No dije nada, no hice nada. Por supuesto, no se lo mencione a Ernestine, me convencí de que solo eran celos de mis compañeros y calumnias, por que sobre todos los demás fue a mí a quien eligió.

Por desgracia, me equivocaba. El cambio fue paulatino, lo expuso como una nueva experiencia de una sola vez, que me hizo reír de forma tímida, sin predecir que no era más que el primer escalón al descenso de sus fantasías retorcidas, no negare que los trajes negros de piel atrevidos que usaba no me prendían, por supuesto que hacían que las piernas me flaquearan y mi miembro despertara, al final seguía llegando al orgasmo, pero la magia se marchó, Ernestine ya no era lo misma, se convirtió en una desconocida que su placer se centraba en hacerme sentir inferior, pequeño, sometido, lo que empezó como un juego, se convirtió pronto en la constante, la evitaba, me le escondía, pero en el Instituto Hopkins, era imposible, siempre terminaba por encontrarme, comencé a tenerle miedo, si por patético que suene, «un hombre que le teme a una mujer», pero Ernestine, tenia el poder de doblegarme, de convertirme en su esclavo y sus juegos cada vez subía mas de tono, cuando se lo dije, que se terminaba, que no quería seguir con lo nuestro, se rio como si acabara de contarle el mejor chiste, «tú no decides cuando se termina esto», respondió de forma lasciva.

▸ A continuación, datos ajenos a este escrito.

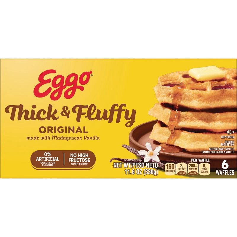 - Includes one, 11.6oz box containing 6 Eggo Thick and Fluffy Original waffles
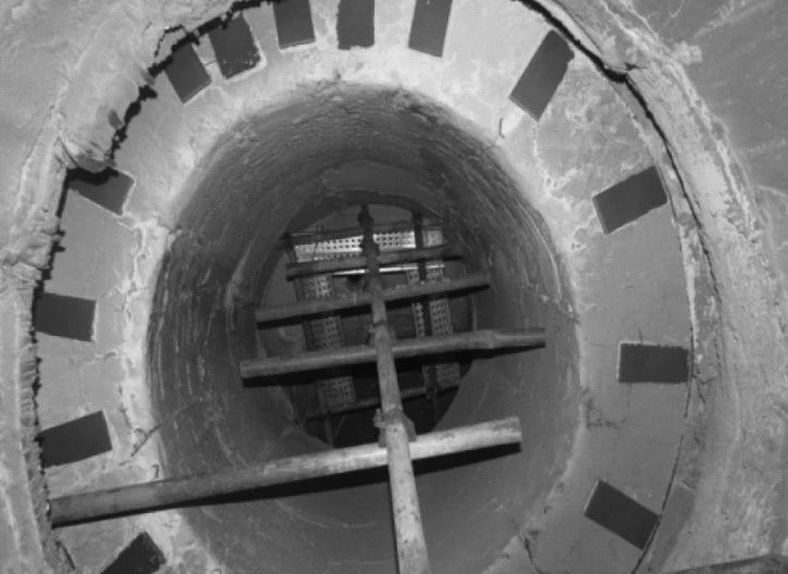 (3)原耐火材料由環(huán)形托架支撐,環(huán)形托架熱膨脹時受內(nèi)筒拘束向下變形,耐火材料得不到有效支撐,zui終脫落。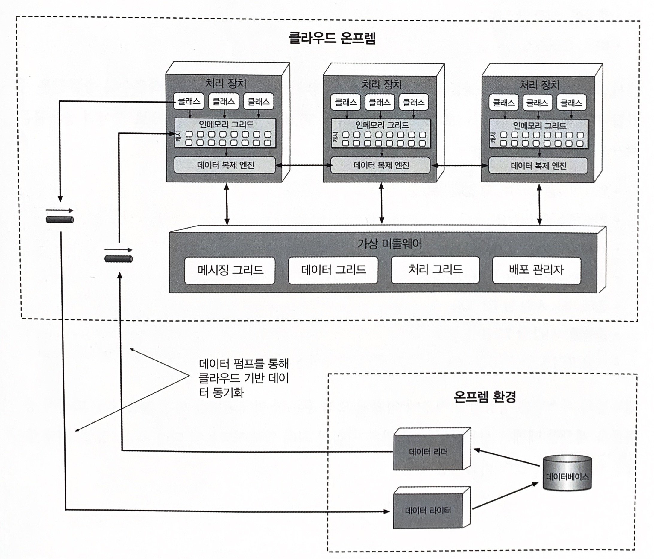 물리 데이터베이스와 데이터를 온프레미스에 그대로 둔 상태로, 클라우드 기반의 매니지 환경에서 처리 장치와 가상 미들웨어를 통해 애플리케이션을 배포하는 하이브리드 클라우드가 가능하다는 것이 공간 기반 아키텍처의 장점이다.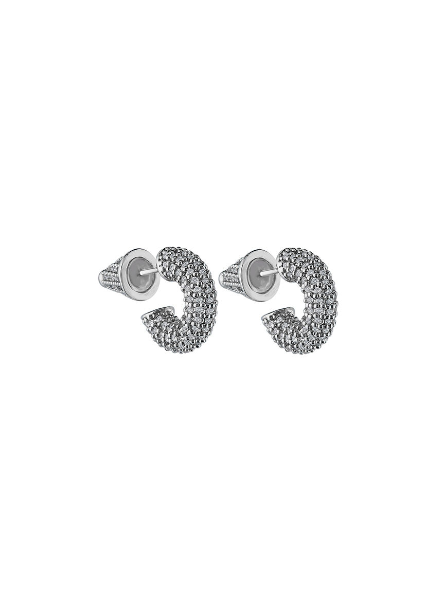 The smallest member of the Parvin earring trio, this hoop brings bold texture in a compact, wearable scale. Fully encrusted in micro zircons, it delivers maximum shine in minimal space.

Esa misma tarde le llamé a Meredith, llorando, le inventé que eran muy estrictos en el Instituto, que me educaban al estilo de Matthew, solo que, con un fuete, en cierta parte no mentí, no del todo, porque entre las vejaciones de Ernestine, ya le estaba entrando el gusto por azotarme, en su afán de guardar las apariencias mi madre, actuó como me lo esperaba, no enfrentó al director, no quiso hablar con él y confirmar que lo que le decía fuera cierto, solo inventó una excusa. Hasta la fecha no sé qué tan quebrado debió escucharme, que en menos de una hora yo ya estaba arriba de su auto rumbo a su casa con ella y Darren.